Lazarus APT is spotted using hacked security software to deliver malware



Lazarus, a notorious advanced persistent threat (APT) group, which is believed to be operating on behalf of the North Korean government, is using a novel supply-chain attack involving legitimate South Korean security software and digital certificates stolen from two different companies, ESET reports.

The attack was aimed at visitors to websites operated by the South Korean government and financial firms, with the goal of delivering dropper malware that infects victims’ computers with a remote access trojan. The threat actor used stolen digital certificates from two security firms, which allow them to corrupt a browser plug-in designed to protect users from being compromised.

ESET says the hackers took advantage of security software made by Wizver. The software in question is WIZVERA VeraPort, an integration installation program used by the South Korean government websites. The tool helps to manage additional security software, which users in South Korea are often asked to install when visiting government or internet banking websites.

“With WIZVERA VeraPort installed on their devices, users receive and install all necessarily software required by a specific website with VeraPort (e.g., browser plug-ins, security software, identity verification software, etc.). Minimal user interaction is required to start such a software installation from a website that supports WIZVERA VeraPort. Usually, this software is used by government and banking websites in South Korea. For some of these websites it is mandatory to have WIZVERA VeraPort installed for users to be able to access the sites’ services,” ESET explains.

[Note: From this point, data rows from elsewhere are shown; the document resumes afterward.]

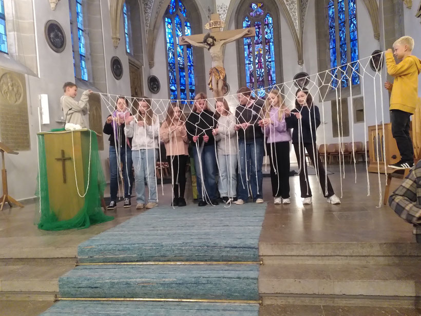 Mit dem Thema „Im Netz verbunden“ traf sich die RSH zum Gottesdienst in der St. Ulrichskirche in Heubach. Die Schulgemeinschaft mit ihren vielen Klassen wurde als soziales Netz von verschiedenen Seiten durch Gebete, Gedanken und Lieder beleuchtet. Das Netz, das uns auffängt und tragen kann – das Netz, das uns untereinander und mit Gott verbindet, wurde dabei auch von der Klasse 6a sinnbildlich geknüpft.
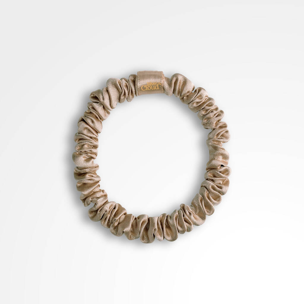 Silver Cloud Caramel Satin Skinny Scrunchies Five Pack
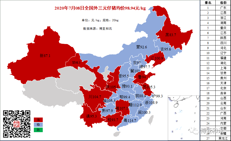 2020年7月8日全国外三元生猪均价为38.02元/公斤,较昨日上涨0.77元/公斤;仔猪均价为98.94元/公斤,较昨日上涨0.04元/公斤;白条肉均价51.17元/公斤,较昨日上涨1.38元/公斤。今日猪料比价为13.39,较昨日增加0.27。
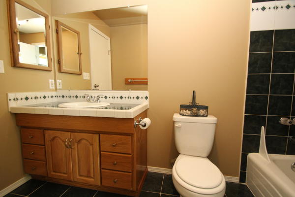 This photo of the upstairs full bathroom with soaking tub, tile counter and floor.
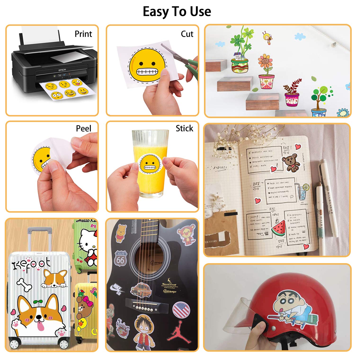 • DYI PERSONALIZED DECAL PAPER: Get creative with your Matte White printer paper! The sticker labels look superb as unique wall murals, vinyl decals for cars, bumper stickers, Matte White vinyl stickers for laptops, on coffee mugs, bottles, but also as a label for business products (not suitable for t-shirts)
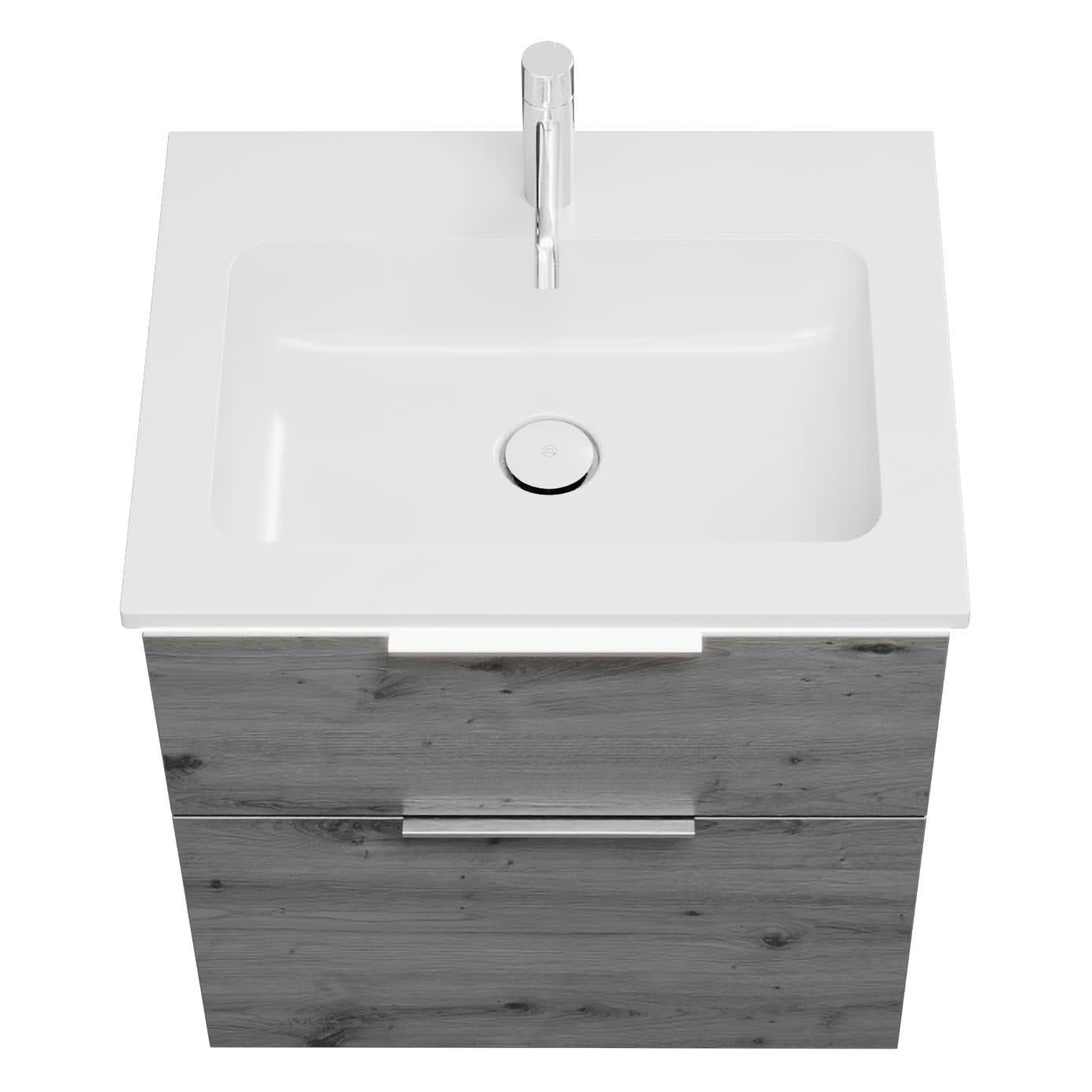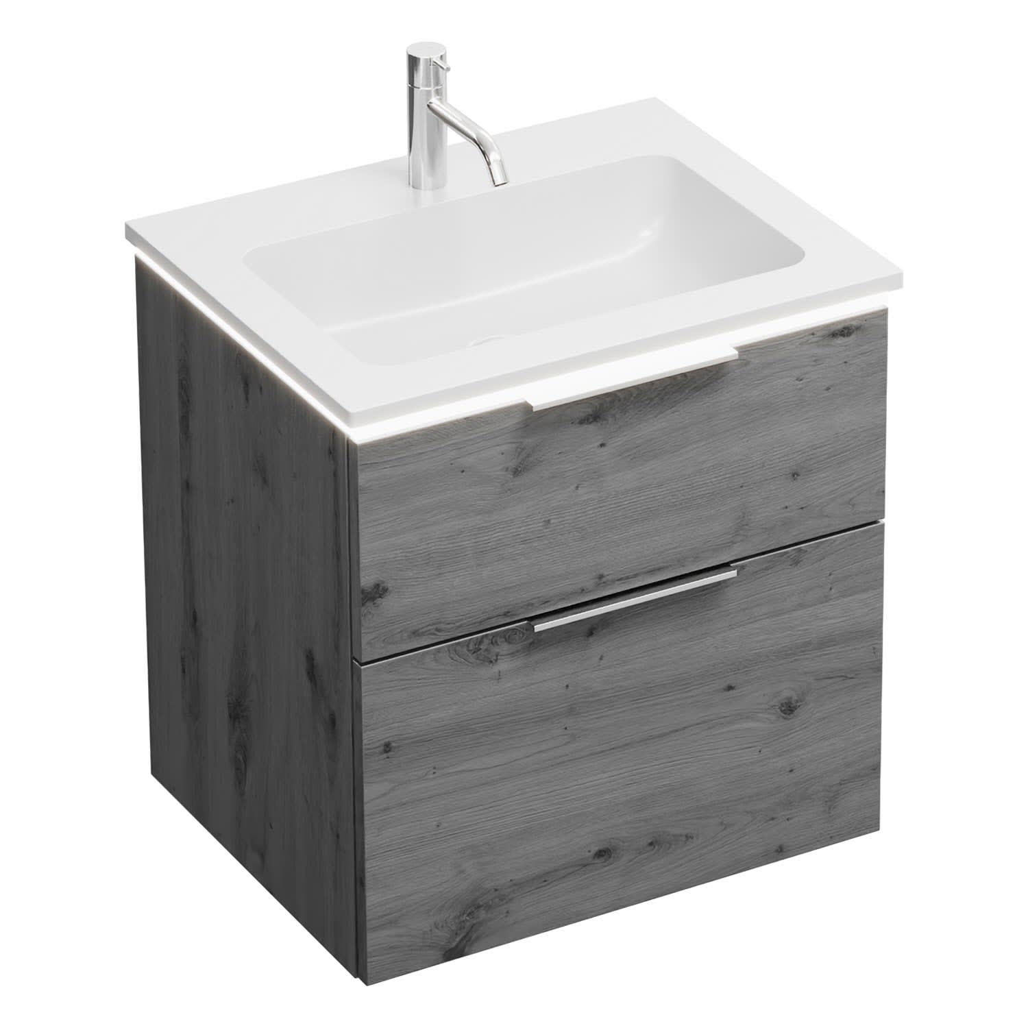 burgbad Eqio Waschtischkombination mit Mineralguss-Waschtisch und LED-Beleuchtung, 62 cm, mit Griff G0146
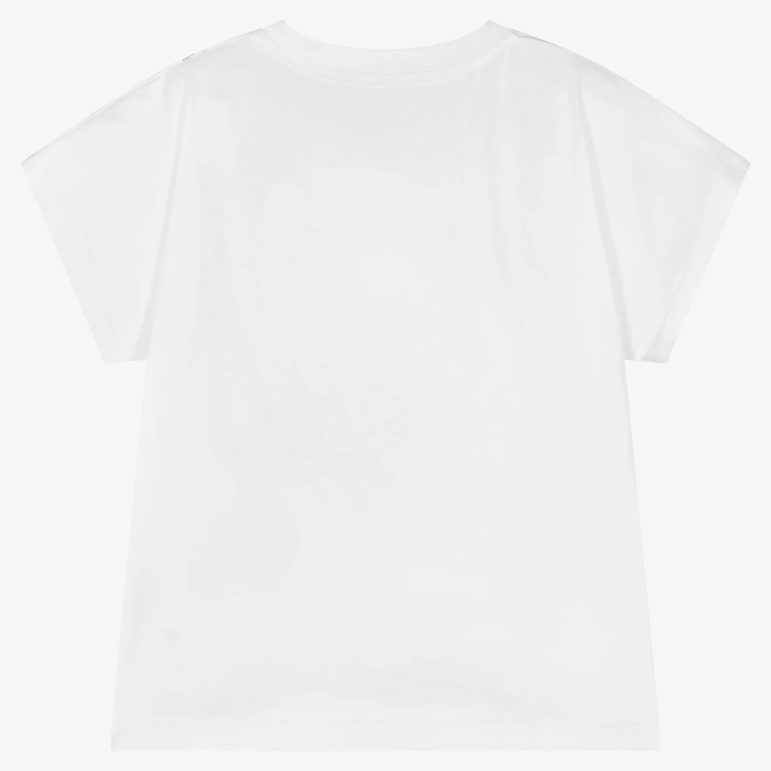 White T-shirt for girls by luxury Italian brand Alviero Martini. On the front, one side of the top is printed with the designer’s distinctive light beige Geo map print, whilst the other side is printed with repeat 1a Classe logos in pink and purple. Soft and comfortable, the top is made in stretchy cotton jersey.
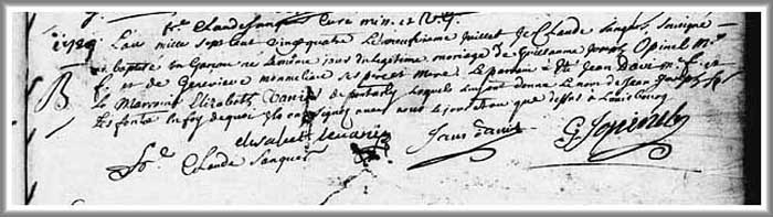 the hand of the priest, Fre Claude Sanquet, who authored the baptism record.
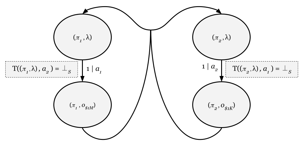 T((π1,λ),a1)={δ(π1,o$1M)}↓,T((π1,λ),a2)=⊥S,T((π2,λ),a2)={δ(π2,o$1K)}↓,T((π2,λ),a1)=⊥S, andT((π1,o$1.001M),⋅)=T((π2,o$1K),⋅)=ch(δ(π1,λ),δ(π2,λ))↓=⊤ΠH×λ.Figure 5 shows the state transition graph of Mν. Notably, it is not possible under Mν for an agent to two-box when Box B is full (the left branch in Figure 5). This is assured by the fact that T((π1,λ),a2)=⊥S.
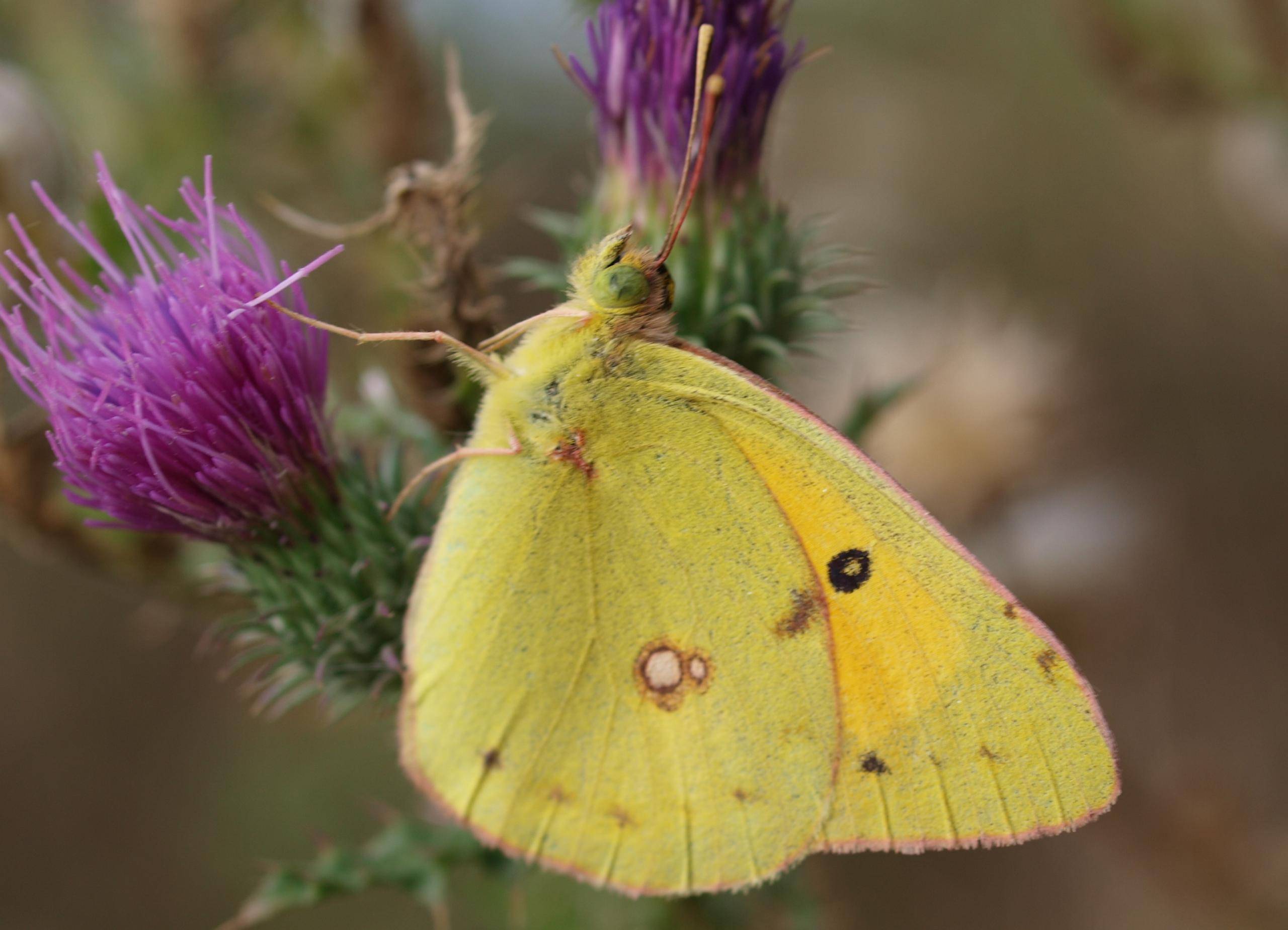 Bild 2: Der Postillion (Colias crocea) ein Wander-Gelbling in Luzernefeldern des sonnigen Harzvorlandes.
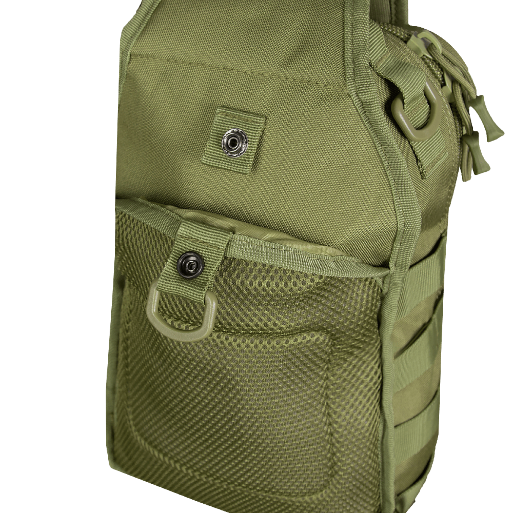 Сумка Camotec COB Sling Олива (City Ops Bag - Міська, тактична сумка) являє собою компактний, універсальний аксесуар. Цей функціональний елемент підходить як для повсякденного використання, так і для охоронних або військових завдань, туризму, кемпінгу, полювання або риболовлі. Її зручно носити спереду, ззаду, через ліве або праве плече, а також використовувати як звичайну сумку. Оснащена стропами MOLLE, що дають змогу кріпити додаткове спорядження або підсумки.

WIZVERA VeraPort is used to digitally sign and verify downloads, however, the app only verifies that the digital signature is valid, without checking to whom it belongs. “Thus, to abuse WIZVERA VeraPort, attackers must have any valid code-signing certificate in order to push their payload via this method or get lucky and find a VeraPort configuration that does not require code-signing verification,” the report notes.

The researchers discovered two malware samples that were signed using illegally obtained code-signing certificates. The malware was disguised as legitimate software.

“These samples have similar filenames, icons and VERSIONINFO resources as legitimate South Korean software often delivered via WIZVERA VeraPort. Binaries that are downloaded and executed via the WIZVERA VeraPort mechanism are stored in %Temp%\[12_RANDOM_DIGITS]\. It should be noted that WIZVERA VeraPort’s configuration has an option not only to verify digital signatures, but also to verify the hash of downloaded binaries. If this option is enabled, then such an attack cannot be performed so easily, even if the website with WIZVERA VeraPort is compromised,” according to ESET.

As for the final RAT payload, the researchers say it comes with a set of typical features used by the Lazarus group. The commands include operations on the victim’s filesystem and the download and execution of additional tools from the group’s arsenal.

“Attackers are constantly trying to find new ways to deliver malware to target computers. Attackers are particularly interested in supply-chain attacks, because they allow them to covertly deploy malware on many computers at the same time […] We can safely predict that the number of supply-chain attacks will increase in the future, especially against companies whose services are popular in specific regions or in specific industry verticals,” the report warns.